* **Instructions for the task**:
Please repeat, exactly and without pictures, the lines of the entries below that run from the one containing "- Versatile Placement: Measuring" through the one containing "Kompletný celodenný vzdelávací".

Entries provided Block Start

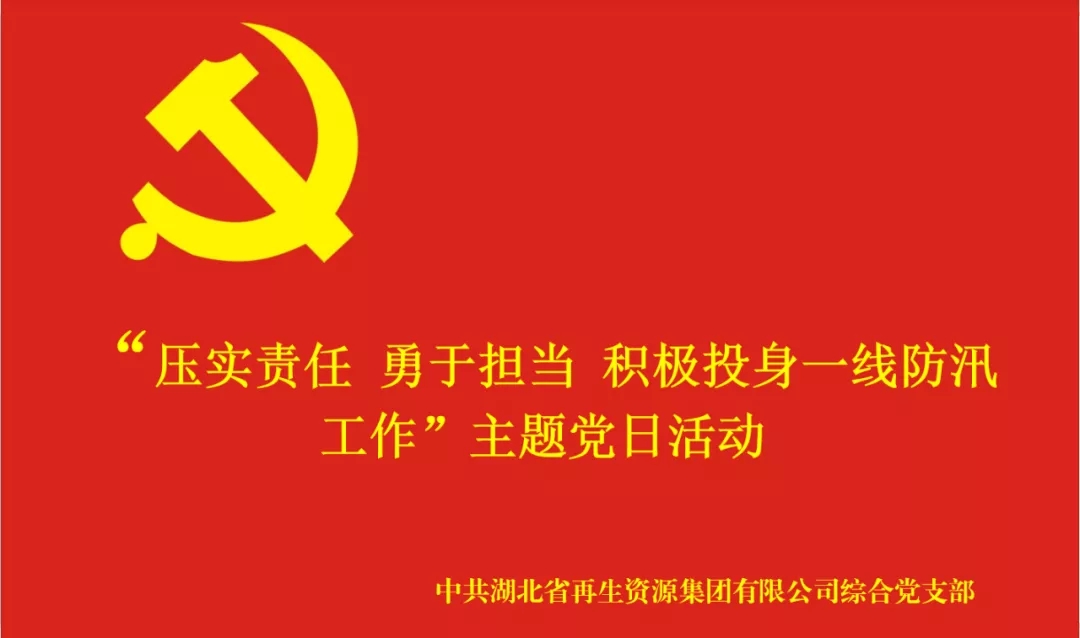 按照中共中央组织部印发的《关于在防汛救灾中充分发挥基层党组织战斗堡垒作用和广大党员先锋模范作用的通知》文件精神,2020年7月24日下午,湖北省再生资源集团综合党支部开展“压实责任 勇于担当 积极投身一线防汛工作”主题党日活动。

Entries provided Block End
Entries provided Block Start

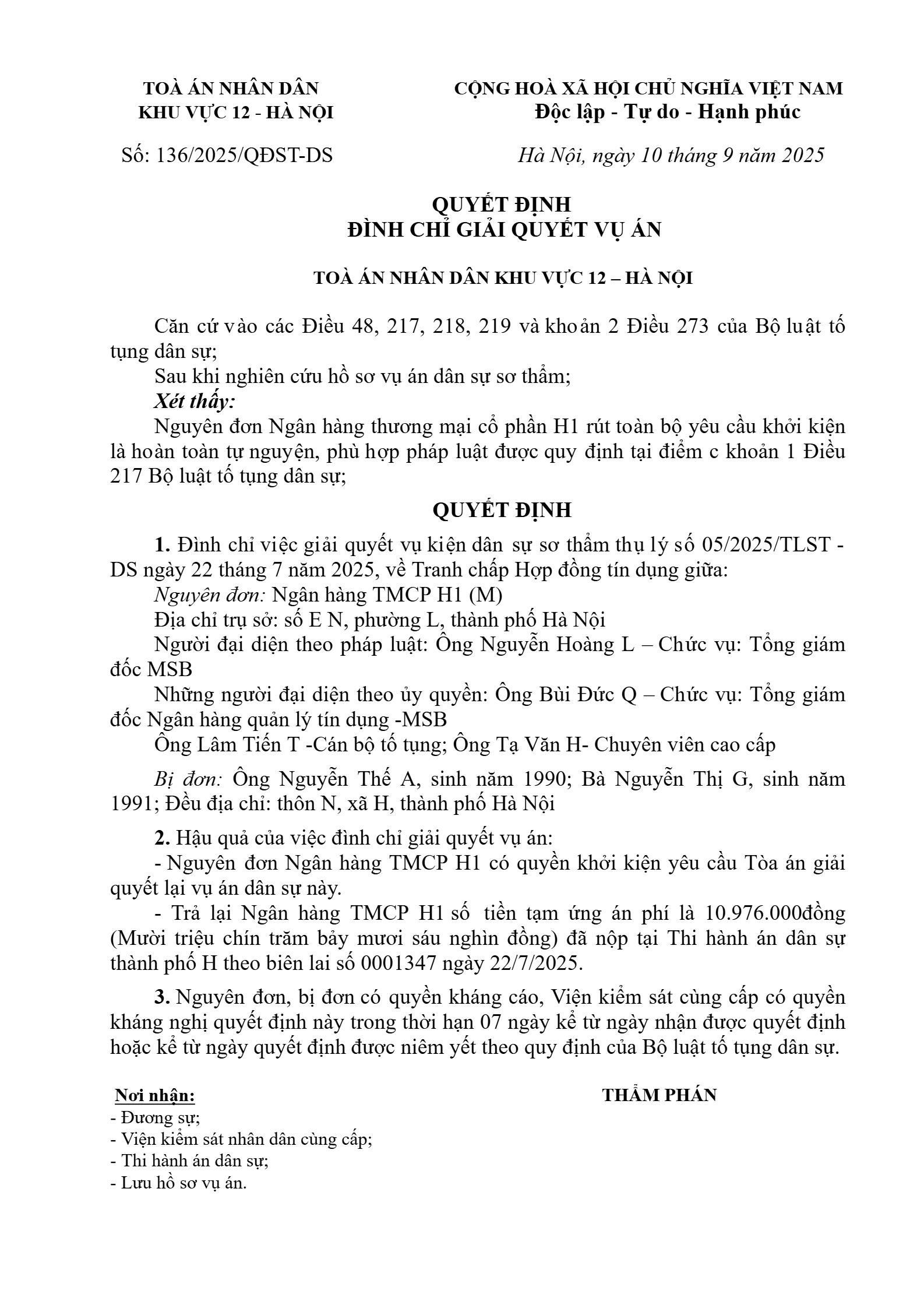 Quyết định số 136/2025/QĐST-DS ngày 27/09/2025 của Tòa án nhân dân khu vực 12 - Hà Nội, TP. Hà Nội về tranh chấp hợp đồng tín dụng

Entries provided Block End
Entries provided Block Start

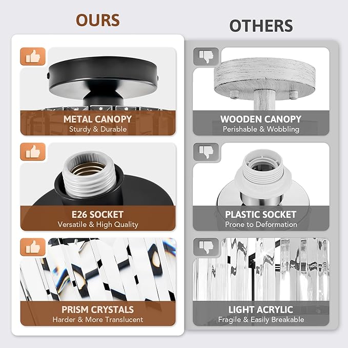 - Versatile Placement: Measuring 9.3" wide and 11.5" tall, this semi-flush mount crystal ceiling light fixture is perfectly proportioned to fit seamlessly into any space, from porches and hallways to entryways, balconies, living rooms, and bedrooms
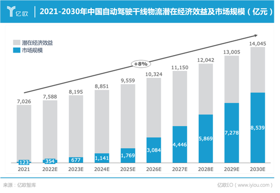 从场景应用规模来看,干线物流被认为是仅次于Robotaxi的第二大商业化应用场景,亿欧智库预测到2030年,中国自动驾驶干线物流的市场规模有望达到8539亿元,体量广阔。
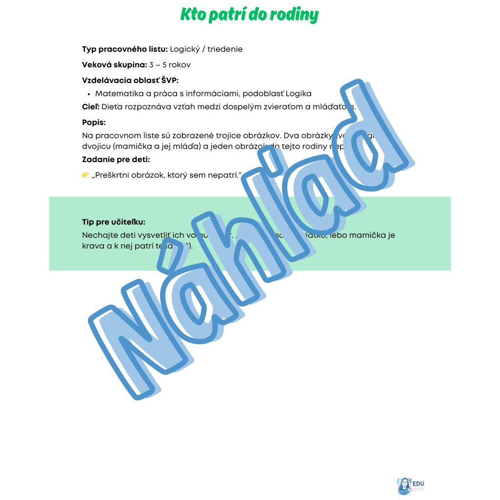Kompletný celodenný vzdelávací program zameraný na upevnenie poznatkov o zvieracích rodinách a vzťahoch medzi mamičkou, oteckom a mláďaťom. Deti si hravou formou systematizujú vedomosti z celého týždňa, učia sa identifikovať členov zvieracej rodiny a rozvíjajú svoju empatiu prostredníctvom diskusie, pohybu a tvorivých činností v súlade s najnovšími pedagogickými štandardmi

Entries provided Block End

* **Written solution**:
 - Versatile Placement: Measuring 9.3" wide and 11.5" tall, this semi-flush mount crystal ceiling light fixture is perfectly proportioned to fit seamlessly into any space, from porches and hallways to entryways, balconies, living rooms, and bedrooms
 从场景应用规模来看,干线物流被认为是仅次于Robotaxi的第二大商业化应用场景,亿欧智库预测到2030年,中国自动驾驶干线物流的市场规模有望达到8539亿元,体量广阔。
Kompletný celodenný vzdelávací program zameraný na upevnenie poznatkov o zvieracích rodinách a vzťahoch medzi mamičkou, oteckom a mláďaťom. Deti si hravou formou systematizujú vedomosti z celého týždňa, učia sa identifikovať členov zvieracej rodiny a rozvíjajú svoju empatiu prostredníctvom diskusie, pohybu a tvorivých činností v súlade s najnovšími pedagogickými štandardmi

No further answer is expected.